Think of traditional statistics. Suppose I said "80% of those sampled preferred apples to oranges, and my 95% confidence interval is within +/- 2% of that" but then I didn't tell you anything about how I collected the sample. Maybe I was talking to people at an apple pie festival? Who knows! Without more information on the sampling method, it's hard to make any kind of useful claim about a population.
This is why I remain so pessimistic about LLMs as a source of knowledge. Imagine you had a person who was raised from birth in a completely isolated lab environment and taught only how to read books, including the dictionary. They would know how all the words in those books relate to each other but know nothing of how that relates to the world. They could read the line "the killer drew his gun and aimed it at the victim" but what would they really know of it if they'd never seen a gun?
I think your last point raises the following question: how would you change your answer if you know they read all about guns and death and how one causes the other? What if they'd seen pictures of guns? And pictures of victims of guns annotated as such? What if they'd seen videos of people being shot by guns?
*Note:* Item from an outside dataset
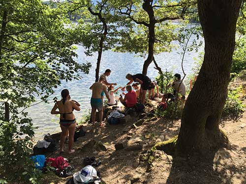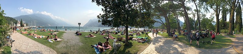 Etwas Wehmut schwingt mit, als wir uns das letzte Mal auf dieser Tour auf die Räder setzen...das Ziel Riva del Garda vor Augen, machen wir uns auf die 58 km lange Schlussetappe, die zu einem „Best of“ werden soll: die ersten 10km dürfen wir uns bei schwüler Hitze leise fluchend von 200m auf 800m hinauf arbeiten, genießen de letzten Fernblick über ganz Trento und Umgebung plus einen Cappucino in einem kleinen Bergdörfchen und rollen dann 6km auf 400m hinunter, bevor es noch einmal 100m hinauf geht. Wir gehen auf 250m herab und treffen kurz nach Padergnone im Giardino delle Spezie zur Mittagsrast auf unsere Sport-Gruppe, die sich vor uns wieder auf den Weg machen. Nach Genuß der uns von Guide Piotr warm empfohlenen Pizza „Anna“ geht es weiter, wir fahren schöne Trails als auch asphaltierte Wege und treffen dann vor Arco auf einem Trail wieder auf die Sportler, um den Rest der Tour gemeinsam zu Ende zu fahren. Der Eisstopp in Arco ist uns allen mehr als willkommen, und dann können wir den Lago di Garda fast schon riechen - über enge und bevölkerte Radwege geht es über Linfano an das Seeufer, und endlich in Riva angekommen, gibt es kein Halten mehr - wir stoßen mit dem noch schnell im Supermarkt beschafften Bier an und springen in Bike-Klamotten in den Lago, um unseren Erfolg zu feiern. Der Check-In im Hotel La Perla geht zügig, während des Abendessens im Restaurant Villa Araci wird die Transalp gemeinsam weiter gefeiert und anschließend in der Sailing Bar bei diversen Cocktails und ausgelassener Stimmung gebührend beendet...

I mean I sort of understand what you're trying to say but in fact a great deal of knowledge we get about the world we live in, we get second hand.
There are plenty of people who've never held a gun, or had a gun aimed at them, and.. granted, you could argue they probably wouldn't read that line the same way as people who have, but that doesn't mean that the average Joe who's never been around a gun can't enjoy media that features guns.
Same thing about lots of things. For instance it's not hard for me to think of animals I've never seen with my own eyes. A koala for instance. But I've seen pictures. I assume they exist. I can tell you something about their diet. Does that mean I'm no better than an LLM when it comes to koala knowledge? Probably!
It’s more complicated to think about, but it’s still the same result. Think about the structure of a dictionary: all of the words are defined in terms of other words in the dictionary, but if you’ve never experienced reality as an embodied person then none of those words mean anything to you. They’re as meaningless as some randomly generated graph with a million vertices and a randomly chosen set of edges according to some edge distribution that matches what we might see in an English dictionary.
Bringing pictures into the mix still doesn’t add anything, because the pictures aren’t any more connected to real world experiences. Flooding a bunch of images into the mind of someone who was blind from birth (even if you connect the images to words) isn’t going to make any sense to them, so we shouldn’t expect the LLM to do any better.
Think about the experience of a growing baby, toddler, and child. This person is not having a bunch of training data blasted at them. They’re gradually learning about the world in an interactive, multi-sensory and multi-manipulative manner. The true understanding of words and concepts comes from integrating all of their senses with their own manipulations as well as feedback from their parents.
Children also are not blank slates, as is popularly claimed, but come equipped with built-in brain structures for vision, including facial recognition, voice recognition (the ability to recognize mom’s voice within a day or two of birth), universal grammar, and a program for learning motor coordination through sensory feedback.
Yes, the actual LLM returns a probability distribution, which gets sampled to produce output tokens.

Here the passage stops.